Thursday, July 9, 2009

Professional membership numbers down, due to recession

The ALA has reported that memberships in the professional association are down due to the recession. Membership (both new and renewing) is down 2.8% for the ALA as a whole, but the article reports much larger drops for PLA and RUSA.

Now, I am quite pro for professional memberships--if the dues are reasonable. Sometimes they are not--and you find out that the association is operating in the red and has been for several years. I also don't tend to join professional associations that have a discriminating salary scale. I think a due is a due and you should spread it out evenly amongst the membership since we are all, supposedly, getting the same benefits.

The drop shouldn't be a surprise: I think that if individuals are paying for their own memberships (as students obviously are) that they tend to renew them--and be pretty picky about where their money is being spent. If your employer was paying your membership fees and they have cut back their budgets, professional development gets cut, or people share the benefits of their professional membership as best they can, like sharing copies of magazines or forwarding emails from a listserv that is normally closed to members. (I also haven't gotten my American Libraries in a while: what gives?)

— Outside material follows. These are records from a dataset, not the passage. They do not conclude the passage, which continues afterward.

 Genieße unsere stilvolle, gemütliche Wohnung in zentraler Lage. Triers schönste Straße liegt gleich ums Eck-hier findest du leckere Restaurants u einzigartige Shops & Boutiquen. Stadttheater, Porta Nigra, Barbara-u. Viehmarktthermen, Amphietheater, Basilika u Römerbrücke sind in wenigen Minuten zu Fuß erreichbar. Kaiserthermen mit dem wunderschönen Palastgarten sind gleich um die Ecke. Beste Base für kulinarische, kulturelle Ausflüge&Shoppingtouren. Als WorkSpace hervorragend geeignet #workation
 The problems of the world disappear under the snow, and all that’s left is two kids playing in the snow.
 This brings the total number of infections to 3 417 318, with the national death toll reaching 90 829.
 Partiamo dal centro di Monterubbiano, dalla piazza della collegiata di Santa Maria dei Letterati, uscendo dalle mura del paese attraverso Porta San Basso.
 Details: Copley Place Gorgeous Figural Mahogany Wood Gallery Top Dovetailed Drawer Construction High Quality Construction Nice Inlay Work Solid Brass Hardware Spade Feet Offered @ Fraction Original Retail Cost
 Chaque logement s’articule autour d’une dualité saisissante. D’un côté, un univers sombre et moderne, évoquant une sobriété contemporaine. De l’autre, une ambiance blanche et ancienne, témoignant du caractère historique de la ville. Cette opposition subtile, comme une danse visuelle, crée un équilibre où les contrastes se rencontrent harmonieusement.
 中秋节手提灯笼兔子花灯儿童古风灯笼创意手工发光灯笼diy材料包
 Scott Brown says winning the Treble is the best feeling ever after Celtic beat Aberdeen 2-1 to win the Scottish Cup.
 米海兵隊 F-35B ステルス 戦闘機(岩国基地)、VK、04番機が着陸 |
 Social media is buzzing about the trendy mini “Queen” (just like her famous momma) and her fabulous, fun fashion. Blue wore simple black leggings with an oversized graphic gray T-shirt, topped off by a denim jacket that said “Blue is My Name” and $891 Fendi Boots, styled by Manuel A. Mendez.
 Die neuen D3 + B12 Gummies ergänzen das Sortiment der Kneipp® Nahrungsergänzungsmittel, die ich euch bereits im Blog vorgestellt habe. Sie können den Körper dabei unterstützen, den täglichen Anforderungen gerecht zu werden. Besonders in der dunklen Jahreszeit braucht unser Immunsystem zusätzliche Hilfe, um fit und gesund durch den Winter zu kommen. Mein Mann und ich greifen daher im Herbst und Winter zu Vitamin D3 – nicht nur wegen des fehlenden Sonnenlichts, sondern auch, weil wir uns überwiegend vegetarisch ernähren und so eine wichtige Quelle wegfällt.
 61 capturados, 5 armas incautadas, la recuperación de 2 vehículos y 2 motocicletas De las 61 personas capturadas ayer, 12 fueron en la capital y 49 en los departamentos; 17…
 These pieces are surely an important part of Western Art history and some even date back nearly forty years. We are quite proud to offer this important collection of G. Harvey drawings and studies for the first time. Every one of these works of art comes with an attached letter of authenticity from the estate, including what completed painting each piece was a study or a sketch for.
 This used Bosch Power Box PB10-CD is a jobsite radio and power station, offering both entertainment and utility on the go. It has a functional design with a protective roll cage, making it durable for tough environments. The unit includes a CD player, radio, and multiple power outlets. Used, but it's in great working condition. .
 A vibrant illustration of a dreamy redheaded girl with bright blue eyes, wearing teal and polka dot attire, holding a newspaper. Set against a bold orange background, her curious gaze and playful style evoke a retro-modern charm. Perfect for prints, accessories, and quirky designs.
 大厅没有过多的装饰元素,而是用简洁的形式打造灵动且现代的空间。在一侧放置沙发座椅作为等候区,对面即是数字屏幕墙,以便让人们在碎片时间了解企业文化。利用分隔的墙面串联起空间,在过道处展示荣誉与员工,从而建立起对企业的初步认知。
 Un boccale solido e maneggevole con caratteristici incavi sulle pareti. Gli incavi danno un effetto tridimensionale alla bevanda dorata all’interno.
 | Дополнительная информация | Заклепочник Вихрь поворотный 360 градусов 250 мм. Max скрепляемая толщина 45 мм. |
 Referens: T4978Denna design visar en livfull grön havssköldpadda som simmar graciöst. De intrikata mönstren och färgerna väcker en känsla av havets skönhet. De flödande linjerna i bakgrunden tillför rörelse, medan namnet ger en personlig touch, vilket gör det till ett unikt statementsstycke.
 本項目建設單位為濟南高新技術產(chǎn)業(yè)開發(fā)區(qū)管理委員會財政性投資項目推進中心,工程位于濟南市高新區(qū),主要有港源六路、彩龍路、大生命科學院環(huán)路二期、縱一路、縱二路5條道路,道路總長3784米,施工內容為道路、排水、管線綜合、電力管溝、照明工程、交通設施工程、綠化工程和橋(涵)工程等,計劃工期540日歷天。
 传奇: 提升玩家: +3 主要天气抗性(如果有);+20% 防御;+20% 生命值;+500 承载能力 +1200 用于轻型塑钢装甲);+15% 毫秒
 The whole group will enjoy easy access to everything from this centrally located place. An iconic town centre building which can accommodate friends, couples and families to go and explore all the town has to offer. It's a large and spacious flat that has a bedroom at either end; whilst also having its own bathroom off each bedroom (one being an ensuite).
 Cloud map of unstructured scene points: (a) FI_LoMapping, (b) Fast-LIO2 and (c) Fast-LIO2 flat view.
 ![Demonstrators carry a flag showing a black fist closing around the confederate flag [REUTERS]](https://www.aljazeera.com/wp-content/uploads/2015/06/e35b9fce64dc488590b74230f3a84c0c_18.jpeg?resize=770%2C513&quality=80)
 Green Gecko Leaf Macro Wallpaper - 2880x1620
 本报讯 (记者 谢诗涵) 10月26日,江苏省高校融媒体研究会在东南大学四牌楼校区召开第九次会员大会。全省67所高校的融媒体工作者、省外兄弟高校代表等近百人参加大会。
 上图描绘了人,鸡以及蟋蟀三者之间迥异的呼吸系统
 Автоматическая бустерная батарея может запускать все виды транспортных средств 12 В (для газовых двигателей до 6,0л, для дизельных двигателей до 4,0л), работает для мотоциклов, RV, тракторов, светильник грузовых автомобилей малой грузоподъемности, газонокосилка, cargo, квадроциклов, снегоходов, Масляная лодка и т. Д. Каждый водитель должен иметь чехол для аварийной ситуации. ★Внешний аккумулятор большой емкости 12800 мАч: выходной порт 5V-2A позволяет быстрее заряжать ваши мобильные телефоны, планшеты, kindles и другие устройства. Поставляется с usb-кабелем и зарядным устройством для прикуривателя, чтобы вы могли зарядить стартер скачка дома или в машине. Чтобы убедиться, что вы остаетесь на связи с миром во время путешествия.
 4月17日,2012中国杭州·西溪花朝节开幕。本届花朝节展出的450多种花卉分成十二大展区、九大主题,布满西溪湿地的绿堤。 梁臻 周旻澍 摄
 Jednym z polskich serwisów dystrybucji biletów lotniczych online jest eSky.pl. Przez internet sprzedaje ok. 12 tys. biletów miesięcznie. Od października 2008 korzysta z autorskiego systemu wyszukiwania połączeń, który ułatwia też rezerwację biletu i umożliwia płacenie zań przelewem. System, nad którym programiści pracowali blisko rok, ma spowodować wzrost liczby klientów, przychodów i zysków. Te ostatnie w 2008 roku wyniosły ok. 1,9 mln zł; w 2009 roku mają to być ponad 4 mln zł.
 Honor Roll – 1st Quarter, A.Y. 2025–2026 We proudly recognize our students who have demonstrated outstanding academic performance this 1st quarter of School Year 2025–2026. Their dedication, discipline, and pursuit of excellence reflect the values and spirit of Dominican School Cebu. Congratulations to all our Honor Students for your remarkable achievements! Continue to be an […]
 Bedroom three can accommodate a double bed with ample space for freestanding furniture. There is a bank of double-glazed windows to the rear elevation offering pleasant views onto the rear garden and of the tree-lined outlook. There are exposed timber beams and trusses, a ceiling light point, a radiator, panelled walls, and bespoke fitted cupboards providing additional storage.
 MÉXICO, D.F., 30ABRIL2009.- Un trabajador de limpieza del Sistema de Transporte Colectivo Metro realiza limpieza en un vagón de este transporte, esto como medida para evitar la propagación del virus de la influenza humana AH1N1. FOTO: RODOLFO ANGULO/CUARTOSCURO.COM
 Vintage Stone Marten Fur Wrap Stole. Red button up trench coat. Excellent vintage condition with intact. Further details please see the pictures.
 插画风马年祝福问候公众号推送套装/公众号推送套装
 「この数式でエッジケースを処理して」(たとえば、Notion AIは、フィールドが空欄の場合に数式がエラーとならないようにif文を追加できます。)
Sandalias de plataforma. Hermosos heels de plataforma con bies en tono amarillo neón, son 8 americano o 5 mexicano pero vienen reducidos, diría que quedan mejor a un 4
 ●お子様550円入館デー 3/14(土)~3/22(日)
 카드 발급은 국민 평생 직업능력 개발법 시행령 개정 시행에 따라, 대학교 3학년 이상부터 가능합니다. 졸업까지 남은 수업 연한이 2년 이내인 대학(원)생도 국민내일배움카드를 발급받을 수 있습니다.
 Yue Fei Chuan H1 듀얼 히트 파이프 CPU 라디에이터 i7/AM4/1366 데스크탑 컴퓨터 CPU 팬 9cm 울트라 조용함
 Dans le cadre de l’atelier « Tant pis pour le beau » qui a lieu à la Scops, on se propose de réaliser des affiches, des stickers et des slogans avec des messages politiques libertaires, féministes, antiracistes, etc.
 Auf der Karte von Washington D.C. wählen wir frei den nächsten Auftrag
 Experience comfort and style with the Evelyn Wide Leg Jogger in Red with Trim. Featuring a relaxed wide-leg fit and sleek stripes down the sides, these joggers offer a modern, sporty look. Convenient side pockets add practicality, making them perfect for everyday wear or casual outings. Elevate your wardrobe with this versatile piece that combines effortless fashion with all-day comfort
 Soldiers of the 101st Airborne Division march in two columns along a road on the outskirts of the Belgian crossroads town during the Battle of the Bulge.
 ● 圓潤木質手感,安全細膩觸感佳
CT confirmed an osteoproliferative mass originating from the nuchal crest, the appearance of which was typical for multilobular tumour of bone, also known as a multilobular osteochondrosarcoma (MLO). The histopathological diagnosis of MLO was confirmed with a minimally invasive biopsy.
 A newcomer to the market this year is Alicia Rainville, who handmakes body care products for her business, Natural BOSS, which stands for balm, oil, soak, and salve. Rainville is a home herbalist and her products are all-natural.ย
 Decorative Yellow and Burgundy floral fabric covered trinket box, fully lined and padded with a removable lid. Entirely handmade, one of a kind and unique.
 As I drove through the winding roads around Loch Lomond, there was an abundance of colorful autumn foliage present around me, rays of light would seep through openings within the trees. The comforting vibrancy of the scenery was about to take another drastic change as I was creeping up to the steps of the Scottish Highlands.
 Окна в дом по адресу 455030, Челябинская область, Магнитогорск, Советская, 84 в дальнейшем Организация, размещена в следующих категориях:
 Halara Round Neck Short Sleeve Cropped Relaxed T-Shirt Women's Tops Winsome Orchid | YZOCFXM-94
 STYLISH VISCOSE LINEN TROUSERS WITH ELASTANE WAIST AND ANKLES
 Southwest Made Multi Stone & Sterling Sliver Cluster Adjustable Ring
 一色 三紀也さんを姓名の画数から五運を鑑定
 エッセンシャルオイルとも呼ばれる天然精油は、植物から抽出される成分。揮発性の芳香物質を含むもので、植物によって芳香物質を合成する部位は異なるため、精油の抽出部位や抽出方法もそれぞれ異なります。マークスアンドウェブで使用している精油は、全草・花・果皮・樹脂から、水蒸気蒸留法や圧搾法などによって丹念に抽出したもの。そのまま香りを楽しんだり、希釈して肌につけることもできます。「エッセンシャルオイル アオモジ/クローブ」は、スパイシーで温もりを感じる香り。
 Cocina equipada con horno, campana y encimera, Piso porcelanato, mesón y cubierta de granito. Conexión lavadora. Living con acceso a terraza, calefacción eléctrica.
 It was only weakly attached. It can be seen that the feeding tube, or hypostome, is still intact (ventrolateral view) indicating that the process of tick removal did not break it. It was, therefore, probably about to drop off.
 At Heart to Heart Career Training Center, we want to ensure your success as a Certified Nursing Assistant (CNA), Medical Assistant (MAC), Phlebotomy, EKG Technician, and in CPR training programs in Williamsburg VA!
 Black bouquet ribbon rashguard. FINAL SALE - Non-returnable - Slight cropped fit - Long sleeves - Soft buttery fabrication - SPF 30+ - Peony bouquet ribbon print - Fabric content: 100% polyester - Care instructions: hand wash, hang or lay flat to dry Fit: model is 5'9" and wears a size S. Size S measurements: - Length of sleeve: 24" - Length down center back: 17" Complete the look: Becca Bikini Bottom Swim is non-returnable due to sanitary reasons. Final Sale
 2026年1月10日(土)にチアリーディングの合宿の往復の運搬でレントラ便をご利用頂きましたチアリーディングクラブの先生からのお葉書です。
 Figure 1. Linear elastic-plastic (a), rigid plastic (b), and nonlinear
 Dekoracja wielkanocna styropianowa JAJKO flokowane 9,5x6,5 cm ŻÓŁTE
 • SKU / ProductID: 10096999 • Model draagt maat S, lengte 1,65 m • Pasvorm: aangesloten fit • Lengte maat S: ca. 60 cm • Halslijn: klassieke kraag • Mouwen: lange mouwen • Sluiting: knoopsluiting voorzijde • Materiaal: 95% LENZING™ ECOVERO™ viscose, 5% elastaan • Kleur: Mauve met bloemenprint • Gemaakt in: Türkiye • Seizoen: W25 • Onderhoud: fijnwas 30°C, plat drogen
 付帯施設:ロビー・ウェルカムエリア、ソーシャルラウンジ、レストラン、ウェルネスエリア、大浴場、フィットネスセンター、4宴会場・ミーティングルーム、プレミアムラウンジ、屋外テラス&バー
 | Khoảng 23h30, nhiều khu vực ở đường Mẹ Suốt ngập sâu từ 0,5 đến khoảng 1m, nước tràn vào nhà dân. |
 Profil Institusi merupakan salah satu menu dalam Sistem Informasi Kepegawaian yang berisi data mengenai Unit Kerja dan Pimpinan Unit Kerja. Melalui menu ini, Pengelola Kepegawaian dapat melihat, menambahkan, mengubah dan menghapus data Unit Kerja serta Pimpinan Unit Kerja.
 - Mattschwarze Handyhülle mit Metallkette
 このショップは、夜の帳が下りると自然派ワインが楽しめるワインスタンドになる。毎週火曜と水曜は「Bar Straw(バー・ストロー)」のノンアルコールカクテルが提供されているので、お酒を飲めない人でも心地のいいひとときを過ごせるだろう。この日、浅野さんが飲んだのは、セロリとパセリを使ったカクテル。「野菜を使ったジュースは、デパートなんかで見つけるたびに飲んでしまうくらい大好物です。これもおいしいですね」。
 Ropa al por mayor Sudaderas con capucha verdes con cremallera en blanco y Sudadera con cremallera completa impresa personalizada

Can you claim your professional dues on your income tax? I can, so I tend to remember to renew since I put my tax stuff together at about the same time I renew with the ALA--think about that, professional associations that only let me renew December 1st, or some equally stupid month, where I also have to pay school fees or buy presents. Giving some more flexibility in payment times might encourage membership.

So, I am not surprised that membership numbers are down, but there may be other ways to counteract the small loss, like giving people who were members in good standing for more than 5 or 10 years, a free year, cuz you love and value them, and extending the period that you can be called a new librarian--since, according to the article, students are still signing up.